→ **Exercise brief**: Starting at the line containing "Sparkling neon lights" and ending at the line containing "Swaddle your little", print every line of the material below exactly, both ends included, and stop there.
*** Opening Working data ***
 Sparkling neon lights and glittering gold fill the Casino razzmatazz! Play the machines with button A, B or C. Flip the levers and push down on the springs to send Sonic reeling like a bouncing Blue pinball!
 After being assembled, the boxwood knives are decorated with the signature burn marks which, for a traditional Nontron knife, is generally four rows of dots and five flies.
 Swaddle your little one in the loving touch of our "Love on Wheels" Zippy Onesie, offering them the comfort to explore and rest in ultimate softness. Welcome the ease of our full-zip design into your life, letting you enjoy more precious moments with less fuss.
*** Closing Working data ***
*** Opening Working data ***
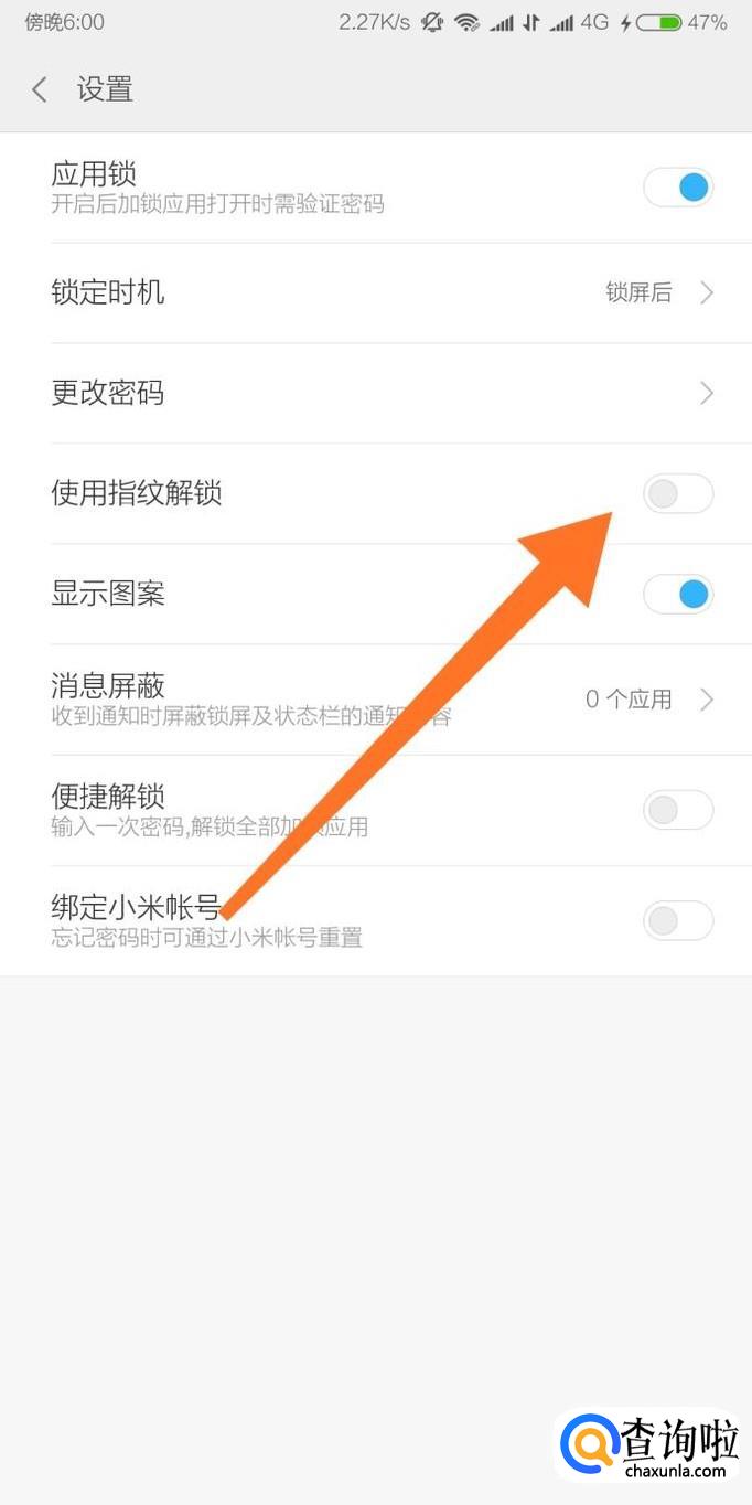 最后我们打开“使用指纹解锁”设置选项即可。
*** Closing Working data ***
→ **Task answer**:
 Sparkling neon lights and glittering gold fill the Casino razzmatazz! Play the machines with button A, B or C. Flip the levers and push down on the springs to send Sonic reeling like a bouncing Blue pinball!
 After being assembled, the boxwood knives are decorated with the signature burn marks which, for a traditional Nontron knife, is generally four rows of dots and five flies.
 Swaddle your little one in the loving touch of our "Love on Wheels" Zippy Onesie, offering them the comfort to explore and rest in ultimate softness. Welcome the ease of our full-zip design into your life, letting you enjoy more precious moments with less fuss.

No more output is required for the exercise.